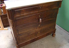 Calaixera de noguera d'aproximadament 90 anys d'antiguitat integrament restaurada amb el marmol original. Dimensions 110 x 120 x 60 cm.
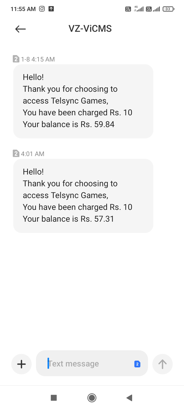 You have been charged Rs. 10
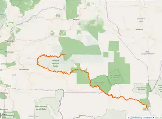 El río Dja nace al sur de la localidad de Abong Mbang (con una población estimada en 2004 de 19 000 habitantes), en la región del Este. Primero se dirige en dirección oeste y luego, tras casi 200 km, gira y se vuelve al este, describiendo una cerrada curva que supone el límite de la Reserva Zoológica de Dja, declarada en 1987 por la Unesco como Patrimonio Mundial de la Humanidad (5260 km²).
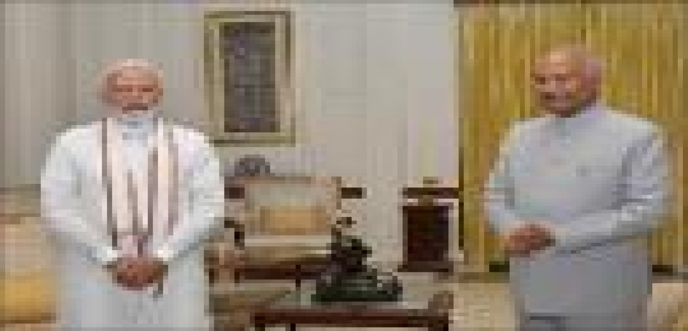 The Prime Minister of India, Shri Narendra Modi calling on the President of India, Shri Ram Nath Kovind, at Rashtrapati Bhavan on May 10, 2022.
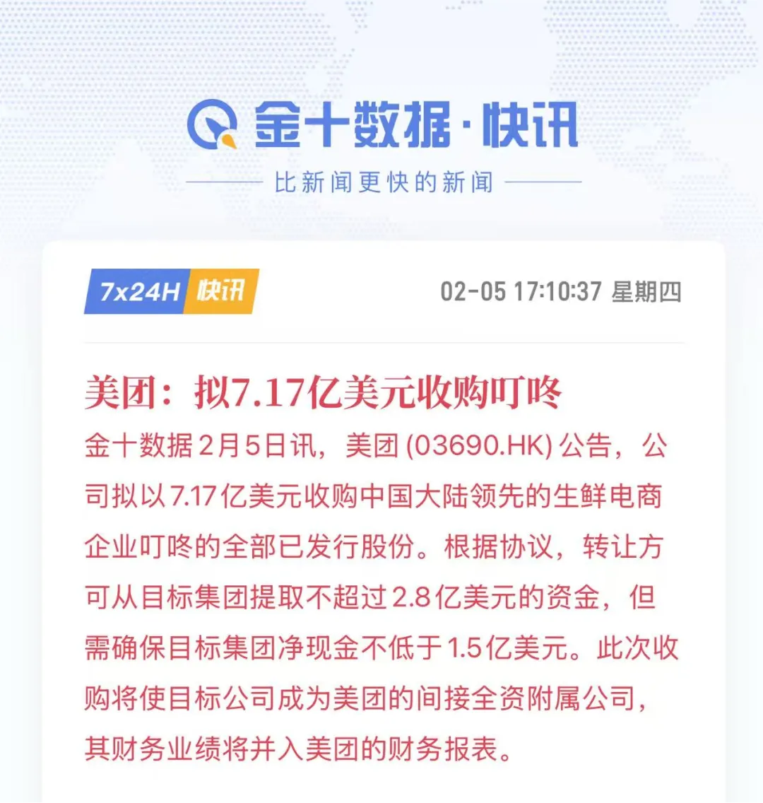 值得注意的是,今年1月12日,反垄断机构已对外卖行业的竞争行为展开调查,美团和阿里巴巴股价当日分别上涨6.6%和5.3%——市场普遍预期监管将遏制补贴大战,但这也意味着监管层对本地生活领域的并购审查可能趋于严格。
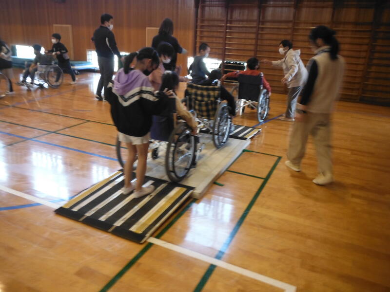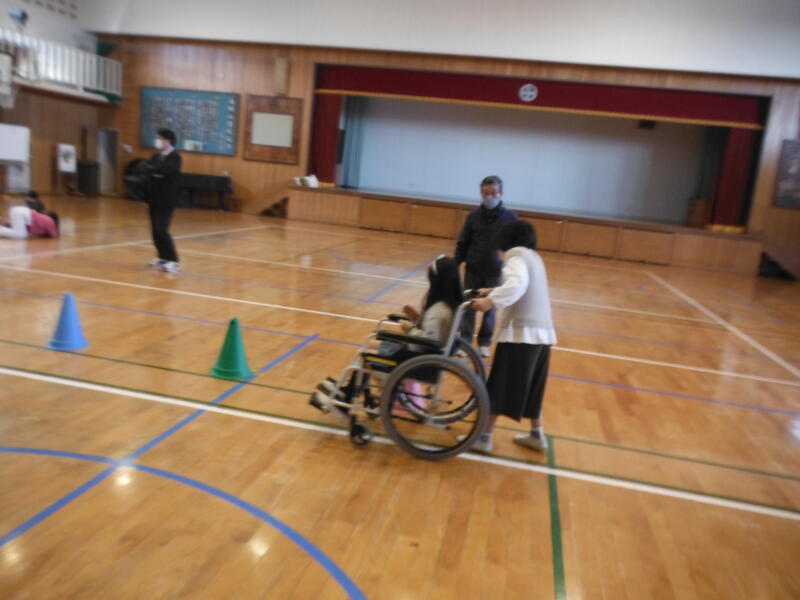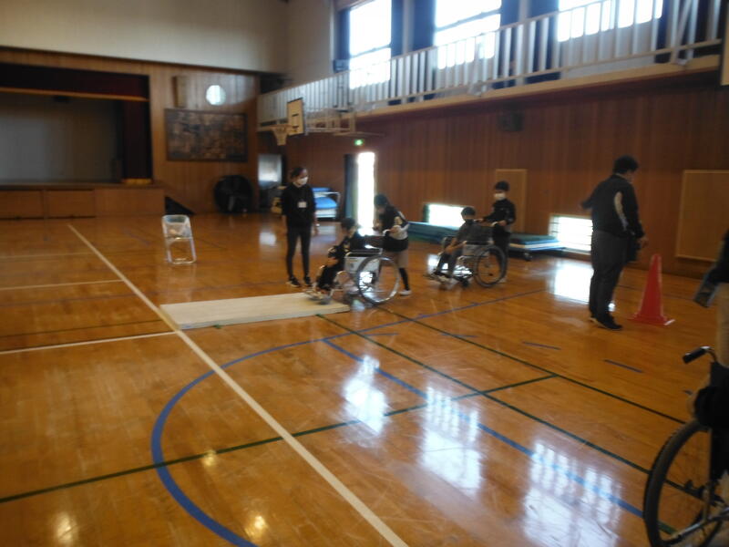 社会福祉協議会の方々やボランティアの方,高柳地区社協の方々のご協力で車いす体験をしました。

○ ○ ○ ○ ○ ○ ○

:: Brief ::
Write every record out again exactly, omitting the pictures they hold.

:: Answer to the problem ::
 Calaixera de noguera d'aproximadament 90 anys d'antiguitat integrament restaurada amb el marmol original. Dimensions 110 x 120 x 60 cm.
 You have been charged Rs. 10
 El río Dja nace al sur de la localidad de Abong Mbang (con una población estimada en 2004 de 19 000 habitantes), en la región del Este. Primero se dirige en dirección oeste y luego, tras casi 200 km, gira y se vuelve al este, describiendo una cerrada curva que supone el límite de la Reserva Zoológica de Dja, declarada en 1987 por la Unesco como Patrimonio Mundial de la Humanidad (5260 km²).
 The Prime Minister of India, Shri Narendra Modi calling on the President of India, Shri Ram Nath Kovind, at Rashtrapati Bhavan on May 10, 2022.
 值得注意的是,今年1月12日,反垄断机构已对外卖行业的竞争行为展开调查,美团和阿里巴巴股价当日分别上涨6.6%和5.3%——市场普遍预期监管将遏制补贴大战,但这也意味着监管层对本地生活领域的并购审查可能趋于严格。
 社会福祉協議会の方々やボランティアの方,高柳地区社協の方々のご協力で車いす体験をしました。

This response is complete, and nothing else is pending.